When you reach the line containing "- HOME > 노리개", begin reproducing the material exactly, stop after the line containing "JellyKids Sladké sny", and leave out any pictures along the way.

━━ EXTRACTED MATERIAL ━━

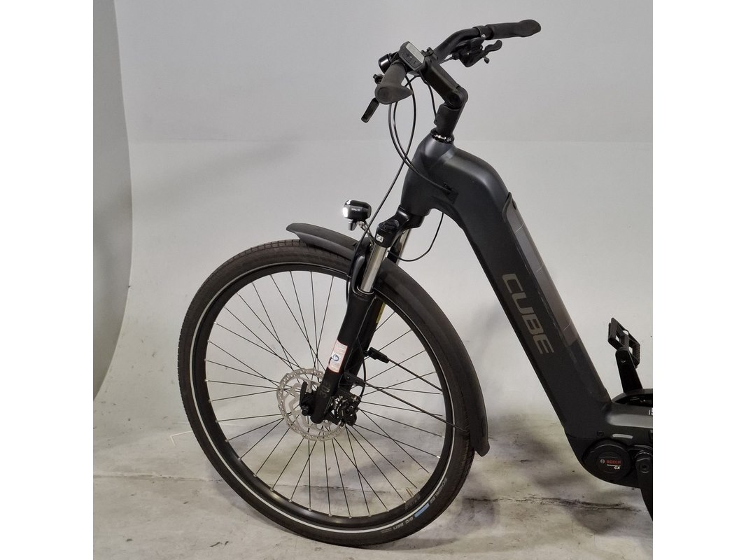 Merk: Cube Product: Elektrische damesfiets Afmeting: Framemaat ca. 56 cm Conditie: gebruikt Specificaties: Geveerde voorvork 9 versnellingen Schijfrem voor en achter Inclusief fietscomputer en accu Afgelezen tellerstand 3534. Uitgerust met Bosch PerformanceLine CX middenmotor Exclusief acculader.
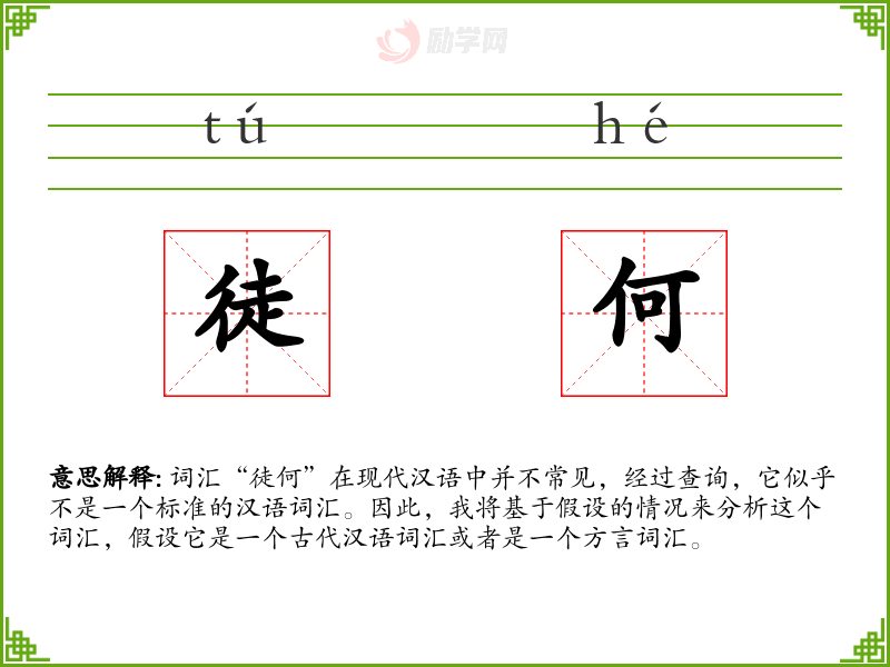 词汇“徒何”在现代汉语中并不常见,经过查询,它似乎不是一个标准的汉语词汇。因此,我将基于假设的情况来分析这个词汇,假设它是一个古代汉语词汇或者是一个方言词汇。
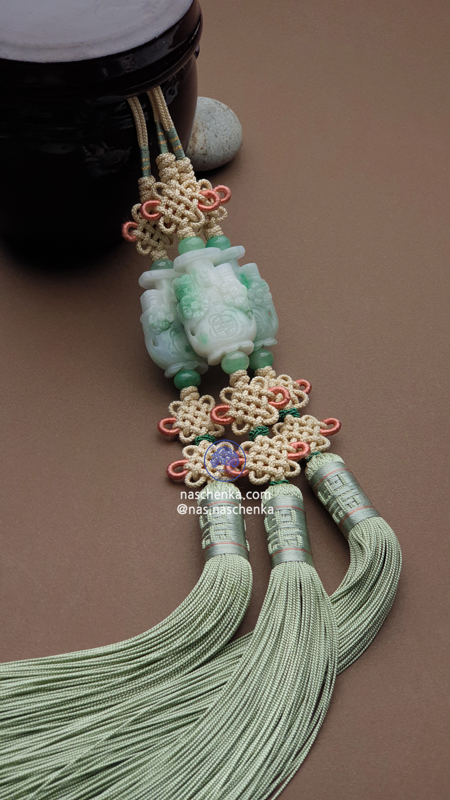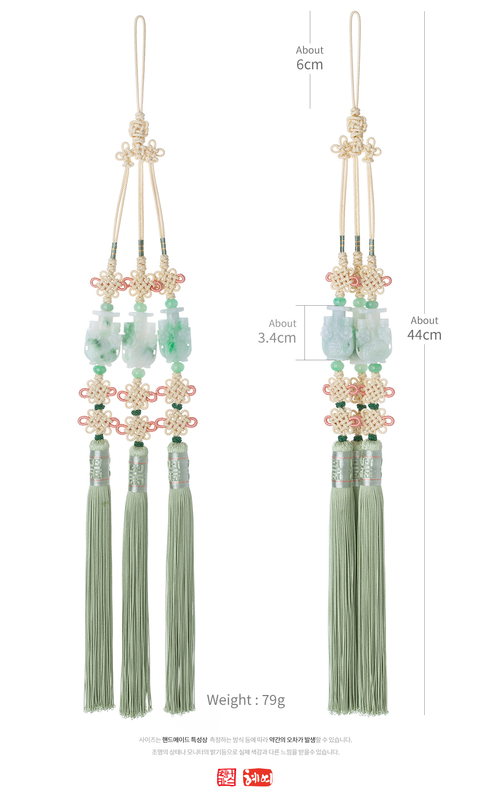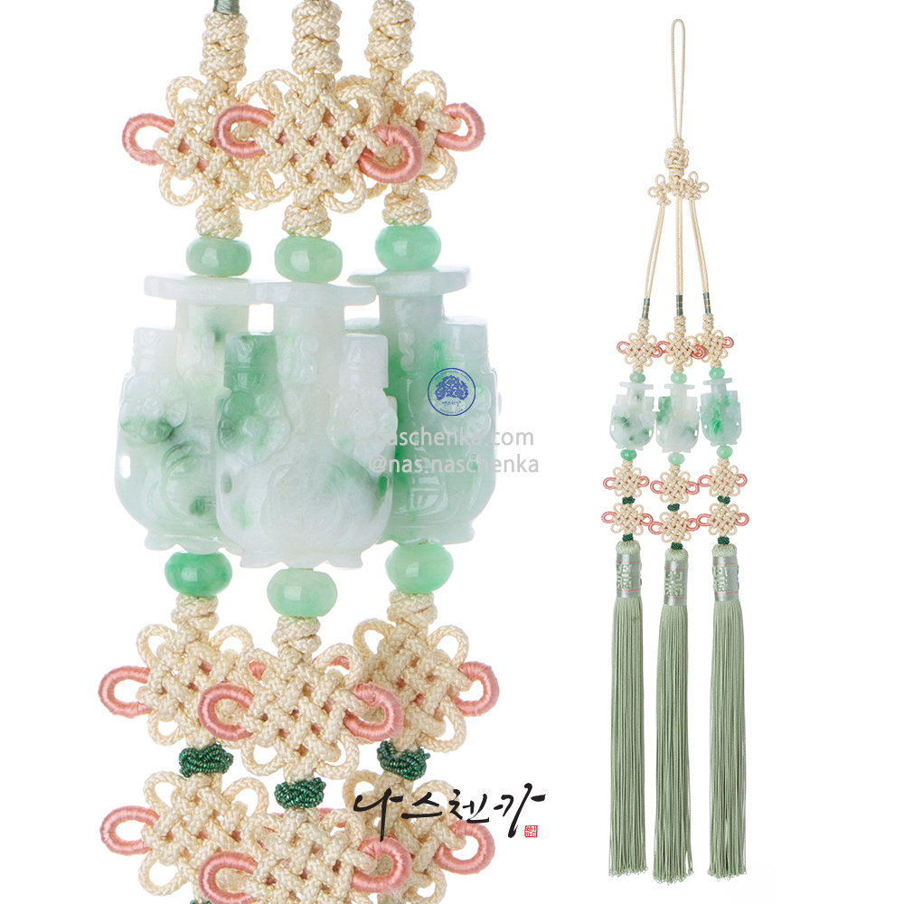 - HOME > 노리개 Norigae > 투호 노리개 > [나스첸카] 비취 투호 삼작으로 다채로운 명주실 비단 전통매듭 노리개
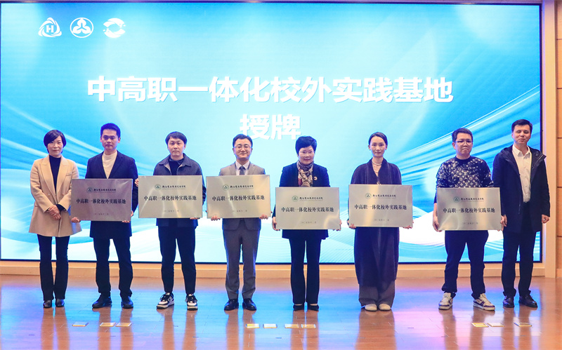 严志嘉、罗妮娜为遥望科技、谦寻控股等六家企业授“中高职一体化校外实践基地”牌匾。
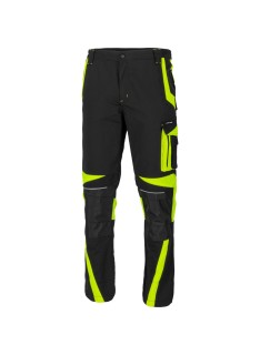 ✅ Nowoczesny design – czarne spodnie z kontrastowymi żółtymi wstawkami zapewniają profesjonalny wygląd i zwiększoną widoczność.
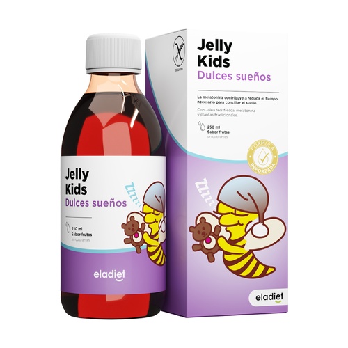 JellyKids Sladké sny od Eladiet je doplněk stravy z čerstvého mateří kašičky s melatoninem a tradičními rostlinami (heřmánek, lípa, meduňka a levandule).
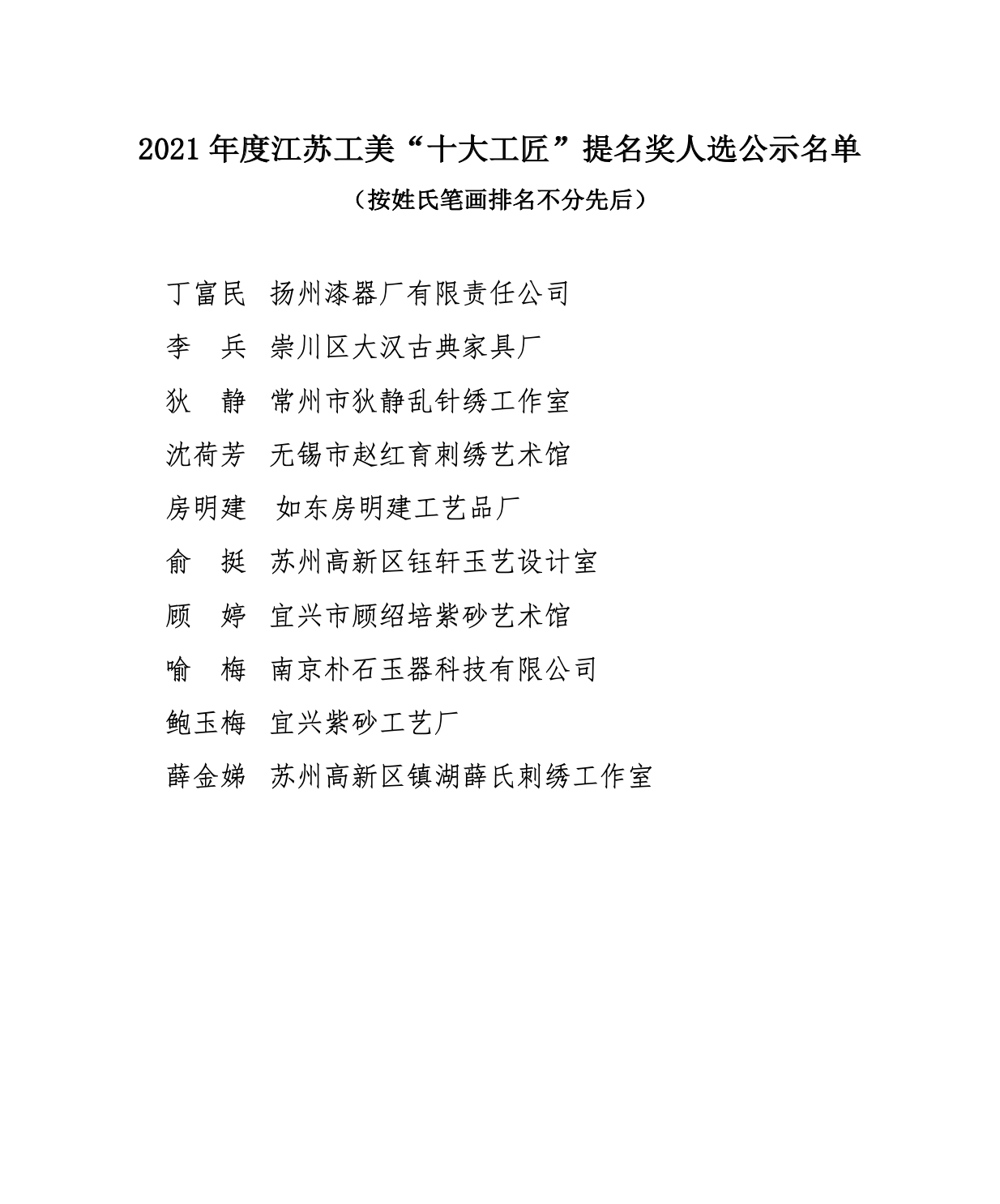 关于对2021年度江苏工美“十大工匠”及“十大工匠” 提名人选公示的通知

━━━

ANSWER FOR THIS EXERCISE:
 - HOME > 노리개 Norigae > 투호 노리개 > [나스첸카] 비취 투호 삼작으로 다채로운 명주실 비단 전통매듭 노리개
 严志嘉、罗妮娜为遥望科技、谦寻控股等六家企业授“中高职一体化校外实践基地”牌匾。
 ✅ Nowoczesny design – czarne spodnie z kontrastowymi żółtymi wstawkami zapewniają profesjonalny wygląd i zwiększoną widoczność.
 JellyKids Sladké sny od Eladiet je doplněk stravy z čerstvého mateří kašičky s melatoninem a tradičními rostlinami (heřmánek, lípa, meduňka a levandule).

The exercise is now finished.